# DTG Canvas Tote Bag



## RobP614 (Jun 26, 2011)

Hi,

I'm attempting to DTG on a canvas tote bag. I just printed a test one, the image looks great but when I scrubbed on the image a little it started to washed out...

I'm not really sure how many people will scrub at the printed area...

My main question for anyone that may have done this did you pretreat the bag? (it's just a CMYK print)

What temp did you press at and for how long? (I'm @ 330 and pressing for 120 seconds)

Did you put anything between the two side when pressing?

Any input would be great; and maybe I'm over think the need to wash a tote bag...

Thanks,
RobP614


----------



## BandPrints (Feb 4, 2007)

What is the blend of the bag? We did a bunch and I was pre-treating them to give it a better quality print.


----------



## RobP614 (Jun 26, 2011)

I got them from Bodek and Rhodes the customer picked them out; Gemline 220.

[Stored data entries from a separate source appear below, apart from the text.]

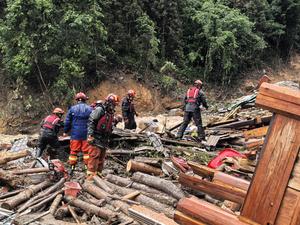 (250523) -- GUILIN, 23 mayo, 2025 (Xinhua) -- Rescatistas trabajan en el sitio de un deslizamiento de tierra, en el...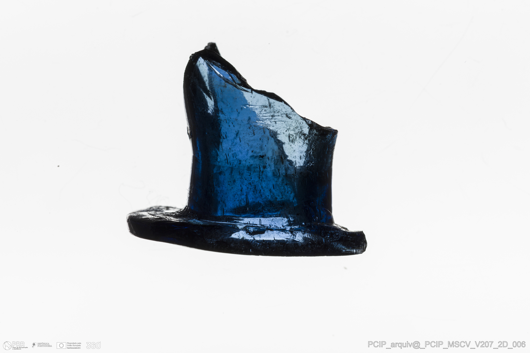 Matéria/Técnica: Vidro; Cronologia: Século XVII; Autoria: Desconhecida; Dimensões: Diâmetro bordo: 28mm.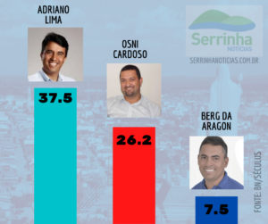 Segundo matéria publicada pelo portal Bahia Notícias, um dos maiores e mais respeitados do estado, o atual prefeito de Serrinha, Adriano Lima (PP), está na frente da corrida eleitoral na cidade, segundo o levantamento feito pelo próprio site em parceria com a Séculus Análise e Pesquisa. O gestor é o mais citado nos levantamentos espontâneo e estimulado e sua administração foi bem avaliada pelos 600 entrevistados pela pesquisa. O deputado estadual e ex-prefeito, Osni Cardoso (PT), aparece no segundo lugar, mas tem o maior índice de rejeição.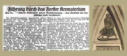 „Eine bemerkenswerte Maßnahme unserer Stadtverwaltung – Das Reliefbild mit dem häßlichen Tode verschwindet“ 23.02.2016 22:45 - Frank Henschel ![]() Zuvor hatte schon ein unbekannter Autor im Forster Tageblatt vom 28. August 1941 verschiedene Forster Skulpturen künstlerisch herabgewürdigt oder stark kritisiert. Besonders negativ im Fokus stand das Todesrelief am Krematorium aber auch das „Zahnwehmännlein“ am Rathaus in der Promenade, der früheren Ortskrankenkasse. Hier noch ein Zitat aus diesem Beitrag: „ … Blickt man nämlich vom Ehrenmal (Oktogon) aus über die herrliche Grünfläche und durch die schmucke Baumallee auf das Krematorium, das in seiner gesamten architektonischen Struktur äußerst stillvoll wirkt, so wird man geradezu in seinem tiefsten Innern durch das häßliche Reliefbild des Todes über dem Eingangstor verletzt. Eine solche mehr als abschreckende Schöpfung ist hier keinesfalls am Platze. Sie verschandelt geradezu das Gesamtbild … Dieses Reliefbild ist reif möglichst umgehend dem Schrotthaufen überliefert zu werden. … Dieses häßlichste aller Forster Denkmäler ist mehr als zeitüberlebt.“ Auf diesem Hintergrund scheint eine weitere Suche nach dem verschollenen Bronzerelief „Schnitter Tod“ von Georg Wrba aussichtslos. Das Relief hat nur 12 Jahre existiert. Bitte beachten Sie dazu auch den vorherigen Artikel vom 30.November 2015 hier auf der „Verschollenen-Seite“. Herzlichen Dank an Frau Barbara Petri von der Forster Friedhofsverwaltung, die mit ihren Hinweisen auf die historischen Zeitungsartikel maßgeblich zur Aufklärung beigetragen hat. Frank Henschel f.henschel@gmx.de Extrabild im Großformat - Hier klicken |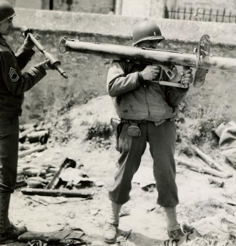 A captured panzerschrek under investigation by U.S. troops at St. Mere Eglise during the Normandy Campaign. Captured panzerschreks were sometimes used against the Germans since they proved more effective than American bazookas.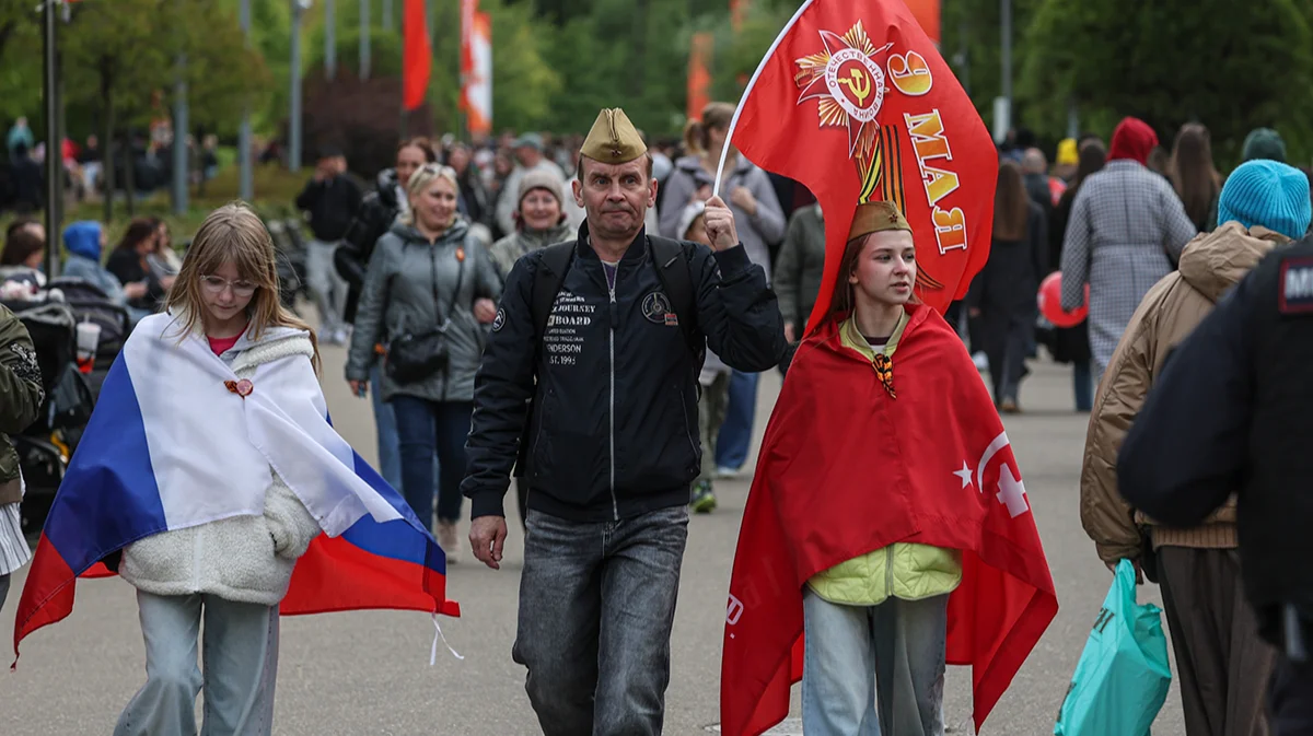 Выхожу из поезда на «Парке Победы». На эскалаторе много людей в пилотках, военной форме или просто с георгиевской ленточкой. В углу вестибюля, перед экраном, где обычно крутят рекламу мэрии Москвы, вижу небольшую толпу. Сегодня тут без звука транслируют парад с Красной площади: по брусчатке катятся танки.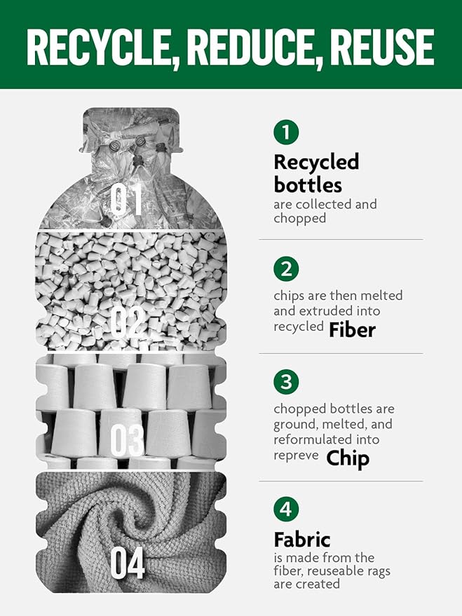 - [Alternative to Paper Towels] Designed for durability, the cloths are washable and reusable up to 50 times. The sturdy 175gsm microfiber will be a highly effective cleaning results

Bodek didn't have much for specs...but Gemline's site say they are a 9oz cotton canvas bag.

Product: Colored Handle Tote


----------



## BandPrints (Feb 4, 2007)

We dry at 355 for 90-120 seconds. Make sure when you feel it that the ink feels dry.

Also I would use a pre-treat, not only should it help washability but give a better print surface for a better print. It should be fine if 100% cotton.


----------



## equipmentzone (Mar 26, 2008)

RobP614 said:


> Hi,
> 
> I'm attempting to DTG on a canvas tote bag. I just printed a test one, the image looks great but when I scrubbed on the image a little it started to washed out...
> 
> ...




Did you scrub the image immediately after you pressed it or a day or two later?

_


----------



## RobP614 (Jun 26, 2011)

It was about 10 mins after...to soon?


----------



## equipmentzone (Mar 26, 2008)

RobP614 said:


> It was about 10 mins after...to soon?




Try pressing it for a little longer time. Also let it sit a day after it's printed and dried before doing a wash/scrub test.

_


----------



## mumzie (May 9, 2008)

Is there any soil resistant coating on the bag? Teflon or scotchgard will cause dtg nightmares!
Sent from my Desire HD using T-Shirt Forums


----------



## equipmentzone (Mar 26, 2008)

mumzie said:


> Is there any soil resistant coating on the bag? Teflon or scotchgard will cause dtg nightmares!
> Sent from my Desire HD using T-Shirt Forums



If the bag is being distributed by a garment wholesaler like Bodek and Rhodes then chances are the bag fabric is suited for printing, without any coatings on it. You do bring up a very good point when it comes to items like tote bags. You need to make sure that the bag material does not have waterproofing or other coatings on it or your water based direct to garment ink will not stick properly.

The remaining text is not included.